◆ PROMPT
Repeat the data that follows, word for word, without the images.

◆ TASK INPUT
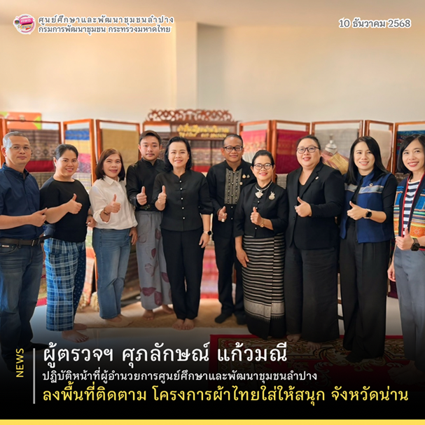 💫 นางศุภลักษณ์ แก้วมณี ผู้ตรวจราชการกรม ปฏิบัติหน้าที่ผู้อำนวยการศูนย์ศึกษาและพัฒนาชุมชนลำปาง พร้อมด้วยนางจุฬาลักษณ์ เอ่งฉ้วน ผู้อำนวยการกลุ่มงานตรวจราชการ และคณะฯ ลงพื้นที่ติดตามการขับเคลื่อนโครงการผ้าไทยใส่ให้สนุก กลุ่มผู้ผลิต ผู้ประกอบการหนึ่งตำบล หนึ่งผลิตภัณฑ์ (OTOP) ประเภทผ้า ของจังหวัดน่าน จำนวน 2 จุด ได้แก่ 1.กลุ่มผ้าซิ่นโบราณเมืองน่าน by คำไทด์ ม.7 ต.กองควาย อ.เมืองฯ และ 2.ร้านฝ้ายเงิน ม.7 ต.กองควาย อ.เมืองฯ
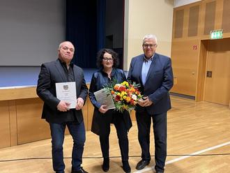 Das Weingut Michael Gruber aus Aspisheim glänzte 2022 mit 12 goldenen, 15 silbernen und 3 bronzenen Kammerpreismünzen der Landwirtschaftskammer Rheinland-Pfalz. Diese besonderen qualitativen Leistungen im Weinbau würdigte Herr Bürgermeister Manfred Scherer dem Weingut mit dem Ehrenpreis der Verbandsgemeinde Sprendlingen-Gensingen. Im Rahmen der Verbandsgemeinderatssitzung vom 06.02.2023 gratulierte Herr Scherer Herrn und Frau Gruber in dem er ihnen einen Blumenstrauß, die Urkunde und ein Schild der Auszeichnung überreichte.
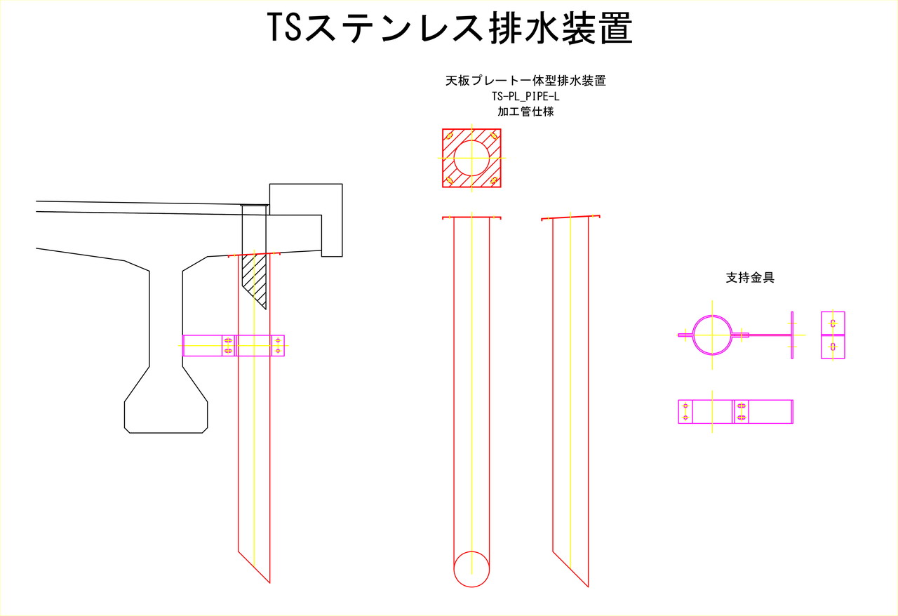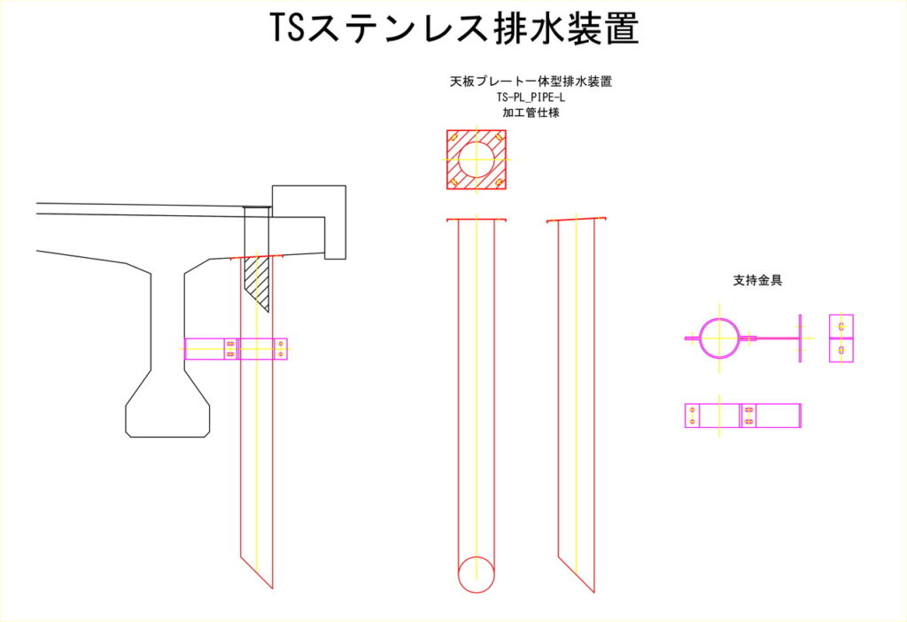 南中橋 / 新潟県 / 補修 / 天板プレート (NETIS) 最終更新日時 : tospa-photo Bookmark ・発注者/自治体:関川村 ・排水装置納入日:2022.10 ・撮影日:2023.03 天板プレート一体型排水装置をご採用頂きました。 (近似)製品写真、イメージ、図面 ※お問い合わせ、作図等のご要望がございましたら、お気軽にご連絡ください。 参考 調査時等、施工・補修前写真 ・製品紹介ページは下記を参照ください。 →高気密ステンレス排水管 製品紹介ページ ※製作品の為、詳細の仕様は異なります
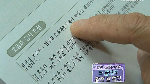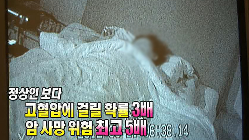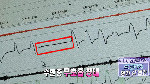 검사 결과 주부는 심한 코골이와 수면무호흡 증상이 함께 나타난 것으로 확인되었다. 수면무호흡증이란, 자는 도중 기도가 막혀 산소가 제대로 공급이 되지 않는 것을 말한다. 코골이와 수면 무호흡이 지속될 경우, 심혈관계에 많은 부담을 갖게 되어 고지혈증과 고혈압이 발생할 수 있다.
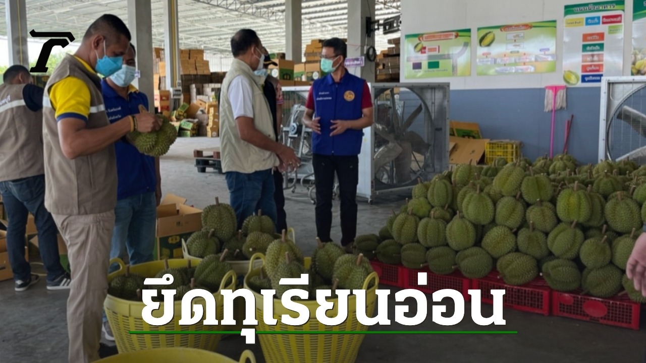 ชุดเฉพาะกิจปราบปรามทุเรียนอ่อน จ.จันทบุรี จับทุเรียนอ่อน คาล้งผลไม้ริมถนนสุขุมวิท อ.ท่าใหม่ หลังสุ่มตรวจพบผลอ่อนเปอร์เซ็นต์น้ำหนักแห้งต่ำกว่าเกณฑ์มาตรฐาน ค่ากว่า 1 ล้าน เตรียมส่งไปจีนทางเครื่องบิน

◆ YOUR SOLUTION
 💫 นางศุภลักษณ์ แก้วมณี ผู้ตรวจราชการกรม ปฏิบัติหน้าที่ผู้อำนวยการศูนย์ศึกษาและพัฒนาชุมชนลำปาง พร้อมด้วยนางจุฬาลักษณ์ เอ่งฉ้วน ผู้อำนวยการกลุ่มงานตรวจราชการ และคณะฯ ลงพื้นที่ติดตามการขับเคลื่อนโครงการผ้าไทยใส่ให้สนุก กลุ่มผู้ผลิต ผู้ประกอบการหนึ่งตำบล หนึ่งผลิตภัณฑ์ (OTOP) ประเภทผ้า ของจังหวัดน่าน จำนวน 2 จุด ได้แก่ 1.กลุ่มผ้าซิ่นโบราณเมืองน่าน by คำไทด์ ม.7 ต.กองควาย อ.เมืองฯ และ 2.ร้านฝ้ายเงิน ม.7 ต.กองควาย อ.เมืองฯ
 Das Weingut Michael Gruber aus Aspisheim glänzte 2022 mit 12 goldenen, 15 silbernen und 3 bronzenen Kammerpreismünzen der Landwirtschaftskammer Rheinland-Pfalz. Diese besonderen qualitativen Leistungen im Weinbau würdigte Herr Bürgermeister Manfred Scherer dem Weingut mit dem Ehrenpreis der Verbandsgemeinde Sprendlingen-Gensingen. Im Rahmen der Verbandsgemeinderatssitzung vom 06.02.2023 gratulierte Herr Scherer Herrn und Frau Gruber in dem er ihnen einen Blumenstrauß, die Urkunde und ein Schild der Auszeichnung überreichte.
 南中橋 / 新潟県 / 補修 / 天板プレート (NETIS) 最終更新日時 : tospa-photo Bookmark ・発注者/自治体:関川村 ・排水装置納入日:2022.10 ・撮影日:2023.03 天板プレート一体型排水装置をご採用頂きました。 (近似)製品写真、イメージ、図面 ※お問い合わせ、作図等のご要望がございましたら、お気軽にご連絡ください。 参考 調査時等、施工・補修前写真 ・製品紹介ページは下記を参照ください。 →高気密ステンレス排水管 製品紹介ページ ※製作品の為、詳細の仕様は異なります
 검사 결과 주부는 심한 코골이와 수면무호흡 증상이 함께 나타난 것으로 확인되었다. 수면무호흡증이란, 자는 도중 기도가 막혀 산소가 제대로 공급이 되지 않는 것을 말한다. 코골이와 수면 무호흡이 지속될 경우, 심혈관계에 많은 부담을 갖게 되어 고지혈증과 고혈압이 발생할 수 있다.
 ชุดเฉพาะกิจปราบปรามทุเรียนอ่อน จ.จันทบุรี จับทุเรียนอ่อน คาล้งผลไม้ริมถนนสุขุมวิท อ.ท่าใหม่ หลังสุ่มตรวจพบผลอ่อนเปอร์เซ็นต์น้ำหนักแห้งต่ำกว่าเกณฑ์มาตรฐาน ค่ากว่า 1 ล้าน เตรียมส่งไปจีนทางเครื่องบิน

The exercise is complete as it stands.